Published:Thursday | February 18, 2021 | 12:17 AM
The Cockpit Country in Jamaica’s interior is home to many plants and animals found nowhere else in the world.
The Cockpit Country in Jamaica’s interior is home to many plants and animals found nowhere else in the world.

WITH PERMANENT markers now in place for some 275 kilometres of ground to be included as part of the official boundary for the Cockpit Country, the Forestry Department is completing its report to inform final decision-making by the Government.

“The ground truth was completed towards the end of 2020. So we have done the boundary verification and will provide the documentation, and the Government will use the information to decide exactly how and what they intend to do there,” said Ainsley Henry, chief executive officer and conservator of forests with the Forestry Department.

The Forestry Department led the ground truth,which was ordered by Prime Minister (PM) Andrew Holness, who in 2017 announced a boundary for the Cockpit Country.
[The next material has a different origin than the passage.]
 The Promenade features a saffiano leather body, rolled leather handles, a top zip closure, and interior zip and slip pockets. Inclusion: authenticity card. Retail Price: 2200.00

The PM said at that time that “a detailed description of the boundary of the Cockpit Country and the Cockpit Country Protected Area, as recognised by the State, will be provided by the Forestry Department after consultations with the relevant public-sector agencies and the necessary ground truthing – a term used in various fields to refer to information provided by direct observation as opposed to information provided by reference – has been undertaken”.

Cockpit Country is one of the island’s few remaining forest-cover gems. The Critical Ecosystem Partnership Fund’s Ecosystem Profile: Caribbean Islands Biodiversity Hotspot 2010 report notes that the area is “the source for fresh water used by 40 per cent of Jamaicans” and “essential in moderating the flow and preventing flooding of a number of western Jamaica’s rivers”. It also supports “the largest number of globally threatened species of any key biodiversity area in the Caribbean islands ‘hotspots’, including 11 amphibians and 40 plant species”.
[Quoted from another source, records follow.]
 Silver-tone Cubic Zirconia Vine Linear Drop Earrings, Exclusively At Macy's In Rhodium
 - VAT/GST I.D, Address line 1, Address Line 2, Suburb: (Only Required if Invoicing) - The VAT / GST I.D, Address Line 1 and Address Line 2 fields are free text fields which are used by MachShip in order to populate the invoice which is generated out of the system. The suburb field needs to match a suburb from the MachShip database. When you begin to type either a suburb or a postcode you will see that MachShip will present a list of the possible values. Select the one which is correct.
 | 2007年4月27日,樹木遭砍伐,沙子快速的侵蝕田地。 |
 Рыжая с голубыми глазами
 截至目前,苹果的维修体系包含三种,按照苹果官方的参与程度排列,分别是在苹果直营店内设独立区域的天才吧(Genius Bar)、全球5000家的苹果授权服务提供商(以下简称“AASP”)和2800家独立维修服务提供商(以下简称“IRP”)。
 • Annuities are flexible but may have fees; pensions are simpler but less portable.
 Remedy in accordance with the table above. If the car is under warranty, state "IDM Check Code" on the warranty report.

These attributes have fuelled the long lobby by environmental stakeholders and others to prevent mining in the area by affording it legal protection. The delimitation of a boundary, informed by the ground truth, is anticipated to help yield that protection.

Not enough

However, some stakeholders feel the area covered by the Forestry Department may not go far enough.

“From where I sit, and the other concerned residents of Cockpit Country, that is not the Cockpit Country we were told by the research and the study done by the commissioned team and closed off by Professor Dale Webber’s report,” said Southern Trelawny Environmental Agency boss Hugh Dixon.
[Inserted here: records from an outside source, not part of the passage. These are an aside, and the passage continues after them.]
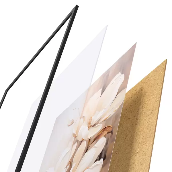 A poszter keretből, plexiből, nyomtatott képből és forgácslap hátlapból áll. A poszter a hátoldalon található rögzítőknek köszönhetően azonnal felakasztható a falra.
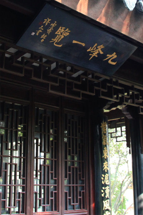 信步踱到山頂的“九峰一覽亭”有四層樓高,這里是全園的精華,援梯而上登上高閣,可遠眺青浦城廓,佘山、天馬山、鳳凰山、小昆山等“松郡九峰”盡收眼前。居高臨下近觀曲水園景,四周的古建筑組合成一個惠暢順諧、自成風貌的有機整體,古木參天掩亭臺樓榭,綠草如茵裹雙池如鏡,隨著目光的流轉,這些勝景便組合成一幅曲水園風景長卷。
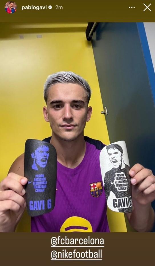 7月29日訊 巴薩中場加維更新社交媒體,曬出自己的護腿板。
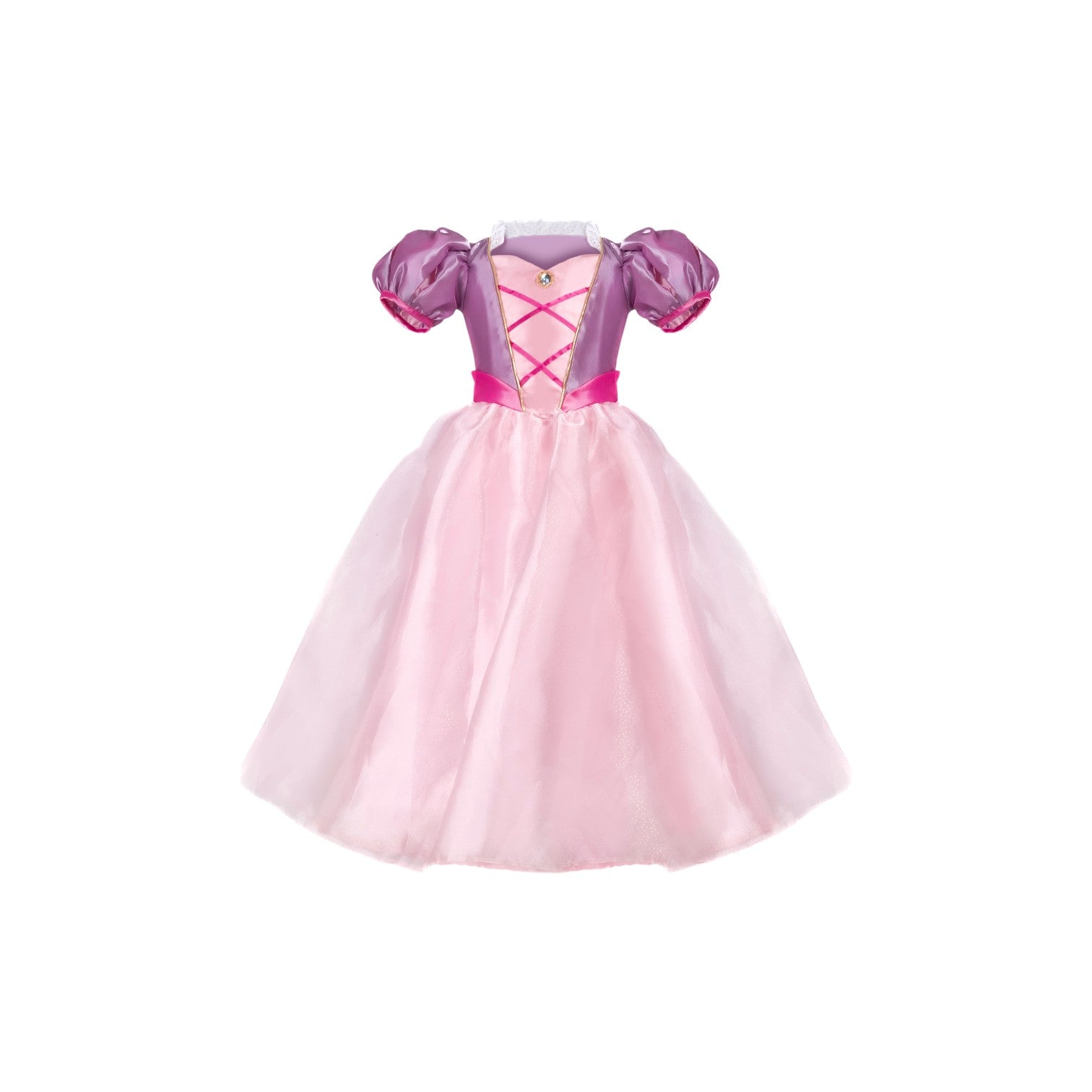 裙子呈現柔和的玫瑰粉紅色,非常適合在花園、城堡或奇幻冒險中翩翩起舞。蓬蓬袖增添了經典的公主風情,而精緻的白色荷葉邊領口則從領口探出,為整件連身裙賦予了高貴典雅的氣質。

“It being completed provides the PM with an opportunity to gazette something in Parliament that would have gone against the protests and the advocacy of the large cross section of Jamaicans, here and in the diaspora, who have been clamouring for the recommended boundary of the Cockpit Country Stakeholders Group with a transition zone and a core to be recognised as the Cockpit Country,” he added.

To settle on protection of only the area covered by the ground truth, Dixon maintained, “would effectively annex large tracts of Cockpit Country to be made available to mining companies”.

He is hoping for more.

“It would seem to me that it could be declared the core of the Cockpit Country, and now what would be left is to effectively identify the transition zone and the buffer zone. That would begin to meet the expectations of that being officially declared the landscaped boundary of the Cockpit Country,” Dixon said.